Task directions - Find the line below with "33号-云南省医师协会关于皮" and the line with "魏建军:魏牌,只有产品力,没". Output them and the lines between, exactly, but not the pictures.

Provided records -
+ + +
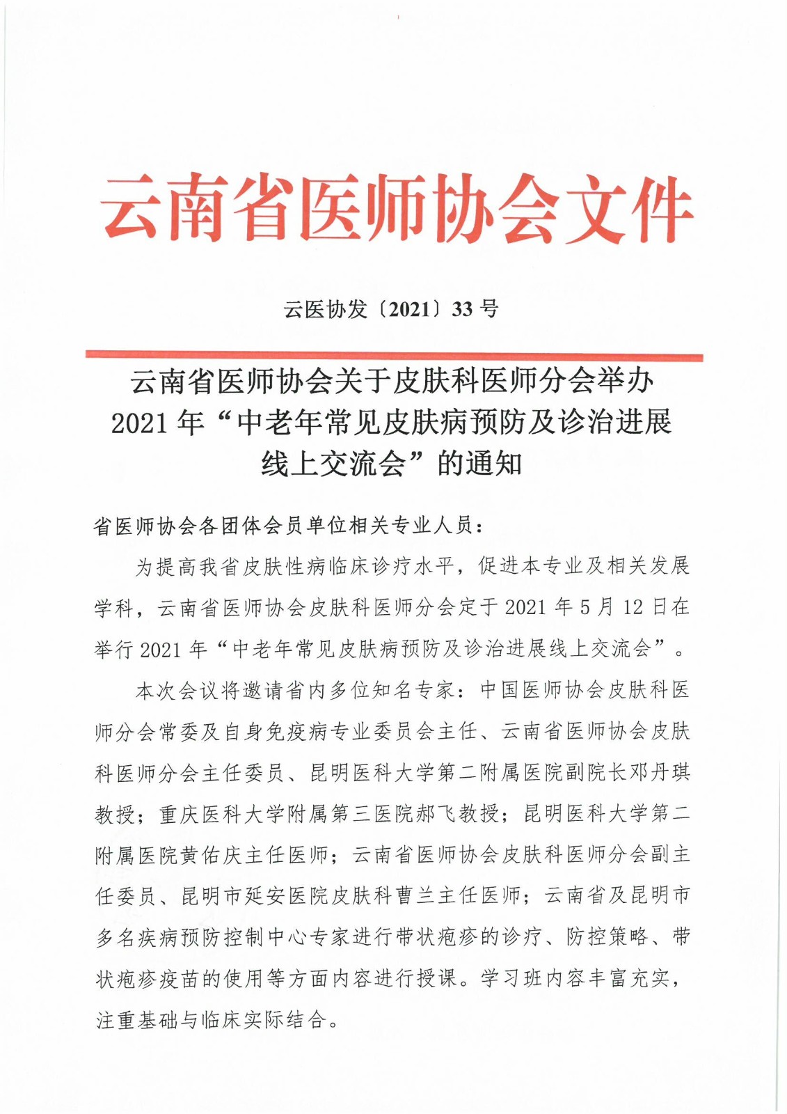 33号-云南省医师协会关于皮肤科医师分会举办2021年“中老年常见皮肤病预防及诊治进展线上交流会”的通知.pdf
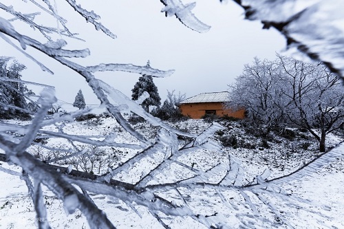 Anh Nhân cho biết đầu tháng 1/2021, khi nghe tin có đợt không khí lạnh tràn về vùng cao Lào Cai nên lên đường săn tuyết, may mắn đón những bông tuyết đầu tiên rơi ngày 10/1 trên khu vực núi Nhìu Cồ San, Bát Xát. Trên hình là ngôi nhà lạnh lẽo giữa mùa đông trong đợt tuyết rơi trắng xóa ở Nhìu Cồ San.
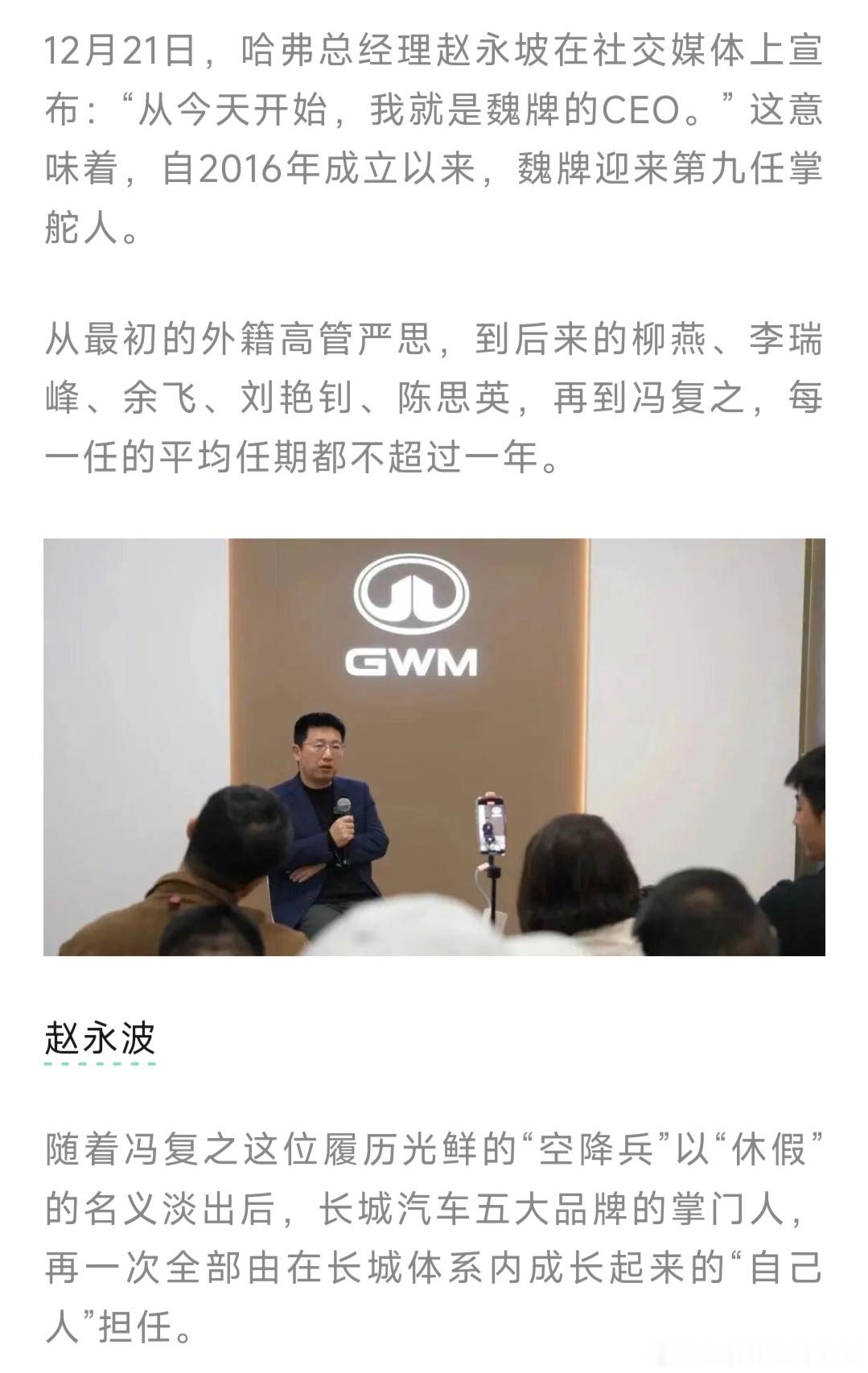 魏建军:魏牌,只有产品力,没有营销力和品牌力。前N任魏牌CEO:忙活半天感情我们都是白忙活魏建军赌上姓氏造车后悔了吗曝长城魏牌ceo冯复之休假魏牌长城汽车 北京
+ + +
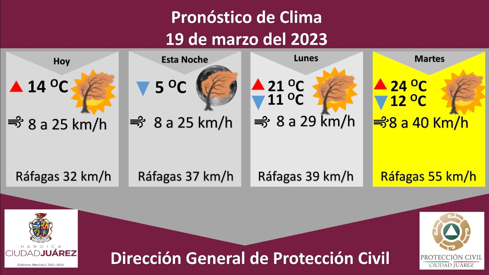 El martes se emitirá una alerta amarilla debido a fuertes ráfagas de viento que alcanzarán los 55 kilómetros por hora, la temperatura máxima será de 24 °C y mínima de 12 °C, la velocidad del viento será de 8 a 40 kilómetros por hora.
+ + +
Reply to the task -
 33号-云南省医师协会关于皮肤科医师分会举办2021年“中老年常见皮肤病预防及诊治进展线上交流会”的通知.pdf
 Anh Nhân cho biết đầu tháng 1/2021, khi nghe tin có đợt không khí lạnh tràn về vùng cao Lào Cai nên lên đường săn tuyết, may mắn đón những bông tuyết đầu tiên rơi ngày 10/1 trên khu vực núi Nhìu Cồ San, Bát Xát. Trên hình là ngôi nhà lạnh lẽo giữa mùa đông trong đợt tuyết rơi trắng xóa ở Nhìu Cồ San.
 魏建军:魏牌,只有产品力,没有营销力和品牌力。前N任魏牌CEO:忙活半天感情我们都是白忙活魏建军赌上姓氏造车后悔了吗曝长城魏牌ceo冯复之休假魏牌长城汽车 北京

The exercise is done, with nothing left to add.